The Golisano Children’s Hospital of Southwest Florida hosts a conference Oct. 19 highlighting the long-term effects experienced by survivors of childhood cancers. 

The Hospital’s first Pediatric After Cancer Experience Conference (PACE) brings together young adult cancer survivors, their families, and medical professionals for a day long series of talks and personal testimonials about the long-term effects of surviving childhood cancer.

“There’s a whole long list of potential long-term effects of this treatment and many of them are very specific to whether a child gets radiation or not; whether they get a specific drug or not,” said conference keynote speaker, Dr. Daniel Armstrong of the Department of Pediatrics at the Mailman Center for Child Development at the University of Miami.

“It sometimes interferes with the growth of a child’s growing body and that can affect the brain…we have children with short stature who don’t grow to be as tall,” he said. “We have the effects on the brain and cognitive and learning function.  We can have reproductive issues.” 

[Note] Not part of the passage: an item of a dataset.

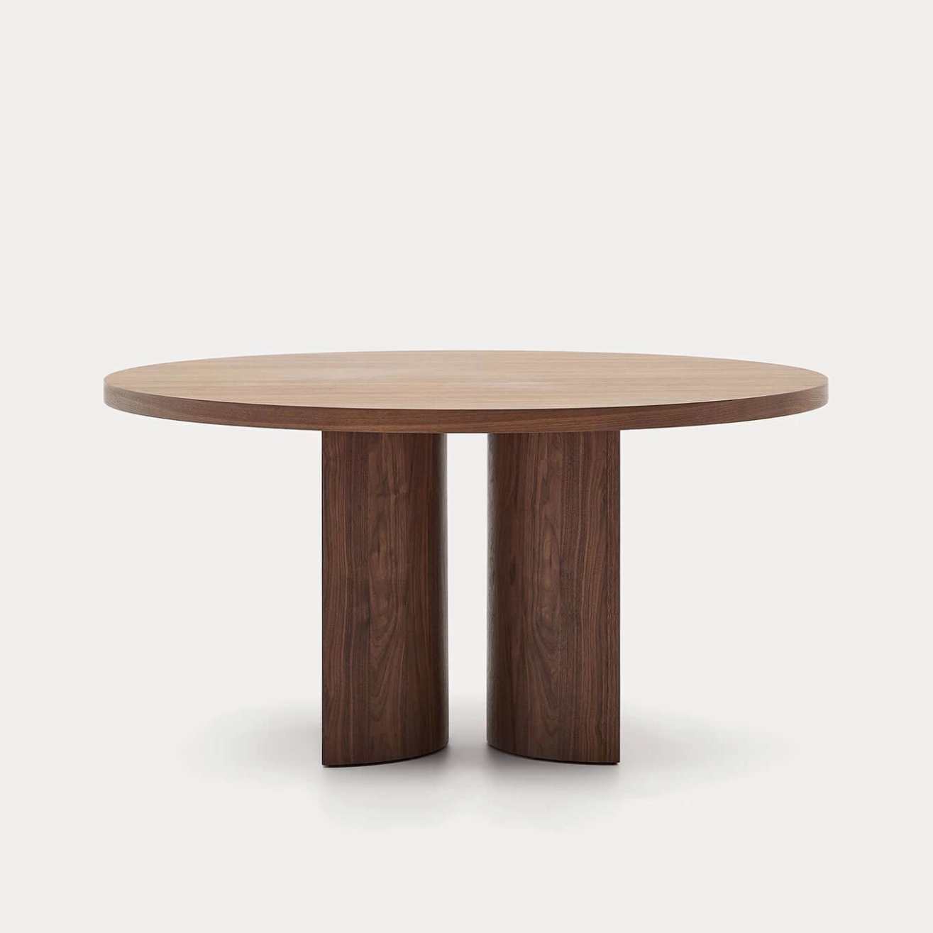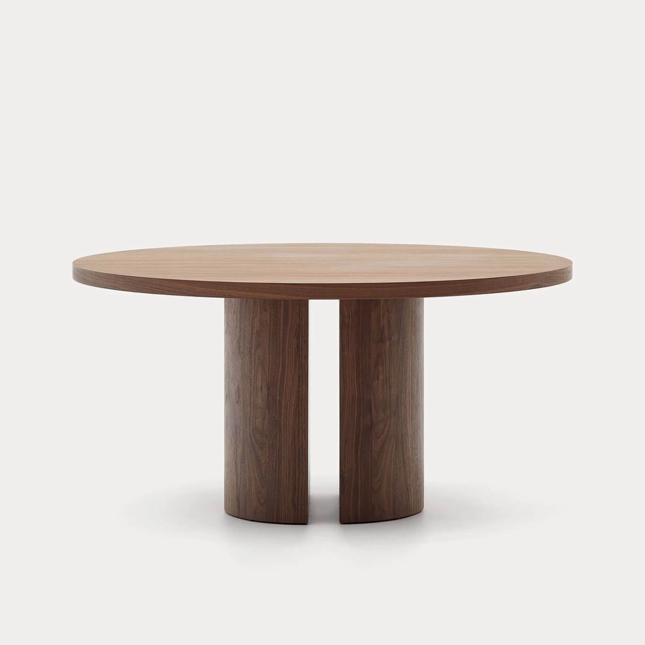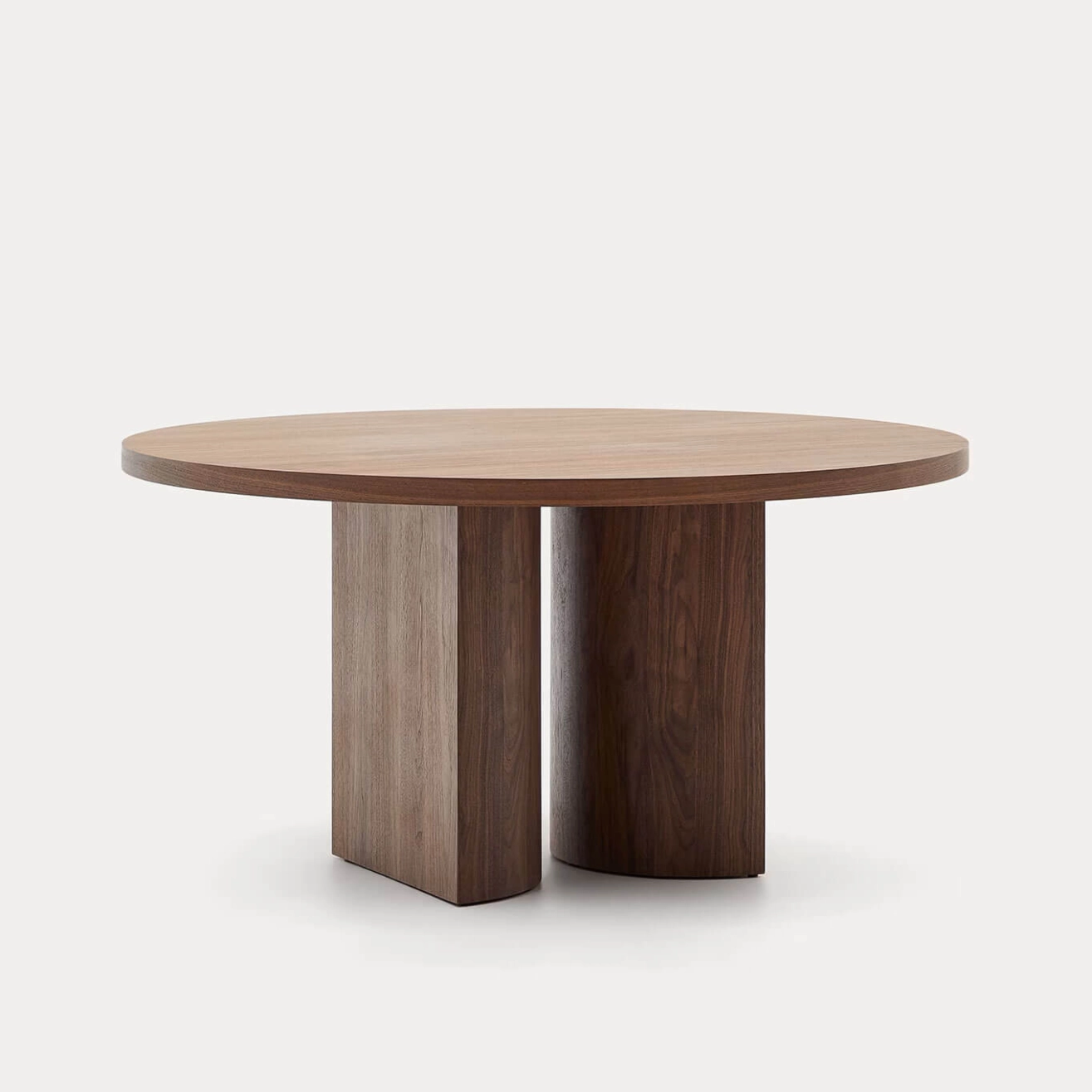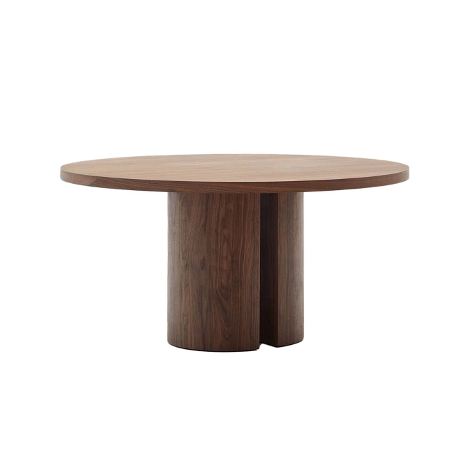 Nealy est une table ronde en placage de noyer finition foncée de la collection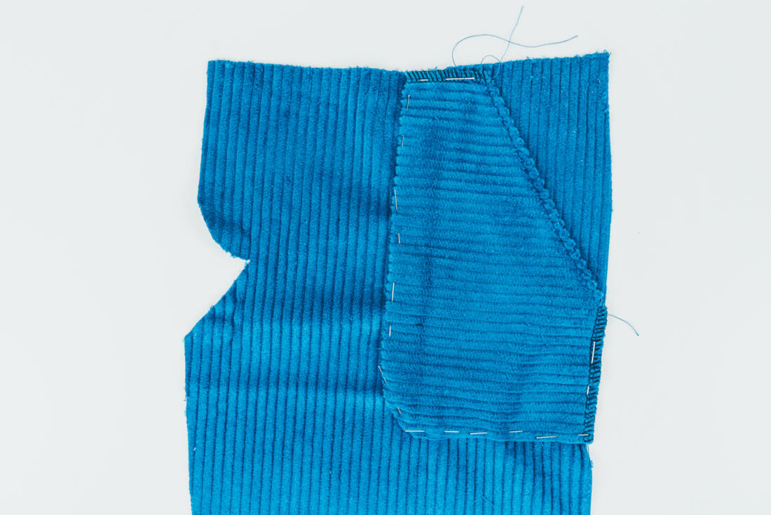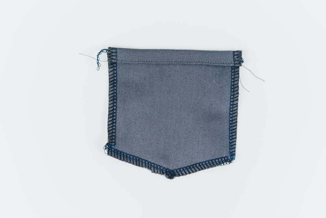 Bügle die Nahtzugabe nach hinten um. Der Tascheneingriff wird doppelt umgeschlagen und mit Geradstich abgesteppt.

The body of information related to long-term effects is limited to about 20 years.  “And the reason for that is that we didn’t have children who survived much more than 20 years,” said Dr. Armstrong.  “So we’re now beginning to look at children who are leukemia survivors who are 35 to 40 years of age.”

Dr. Armstong says today, more than 75 percent of children diagnosed with some form of cancer are expected to survive.

The Golisano Children’s Hospital’s first Pediatric After Cancer Experience conference is from 8:30 a.m. to 4:30  p.m. at the Sanibel Harbour Marriot Resort & Spa in Fort Myers.